I working on a project which works on a very large amount of data. I have a lot(thousands) of zip files, each containing ONE simple txt file with thousands of lines(about 80k lines). What I am currently doing is the following:
for(File zipFile: dir.listFiles()){
ZipFile zf = new ZipFile(zipFile);
ZipEntry ze = (ZipEntry) zf.entries().nextElement();
BufferedReader in = new BufferedReader(new InputStreamReader(zf.getInputStream(ze)));
...
In this way I can read the file line by line, but it is definetely too slow. Given the large number of files and lines that need to be read, I need to read them in a more efficient way.
I have looked for a different approach, but I haven't been able to find anything.

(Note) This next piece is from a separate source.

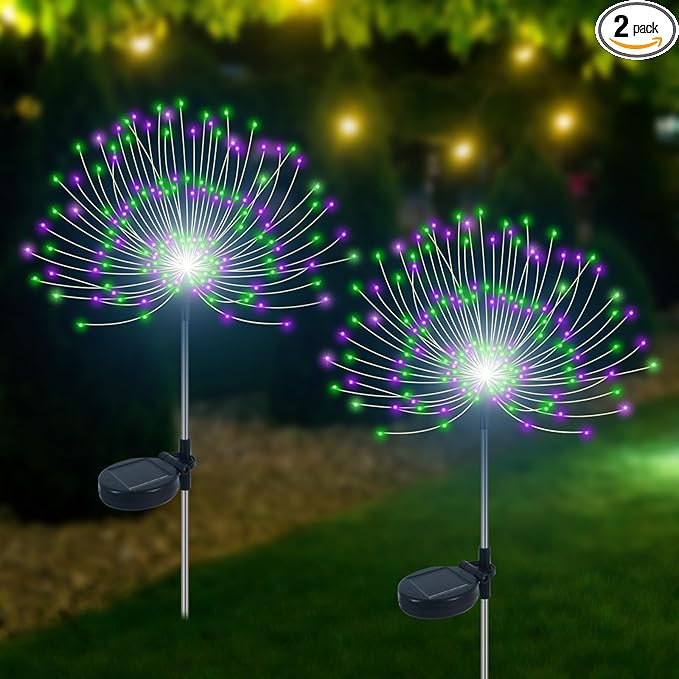 Solar Garden Lights Outdoor Waterproof, 2 Pack 120 LED Solar Firework Lights Decorative Garden Décor Outside for Flowerbed Pathway Party Halloween Christmas Decorations, Green + Purple

What I think I should use are the java nio APIs intended right for intensive I/O operations, but I don't know how to use them with zip files.
Any help would really be appreciated.
Thanks,
Marco
I have a lot(thousands) of zip files. The zipped files are about 30MB each, while the txt inside the zip file is about 60/70 MB. Reading and processing the files with this code takes a lot of hours, around 15, but it depends.
Let's do some back-of-the-envelope calculations.
Let's say you have 5000 files. If it takes 15 hours to process them, this equates to ~10 seconds per file. The files are about 30MB each, so the throughput is ~3MB/s.
This is between one and two orders of magnitude slower than the rate at which ZipFile
can decompress stuff.
Either there's a problem with the disks (are they local, or a network share?), or it is the actual processing that is taking most of the time.
The best way to find out for sure is by using a profiler.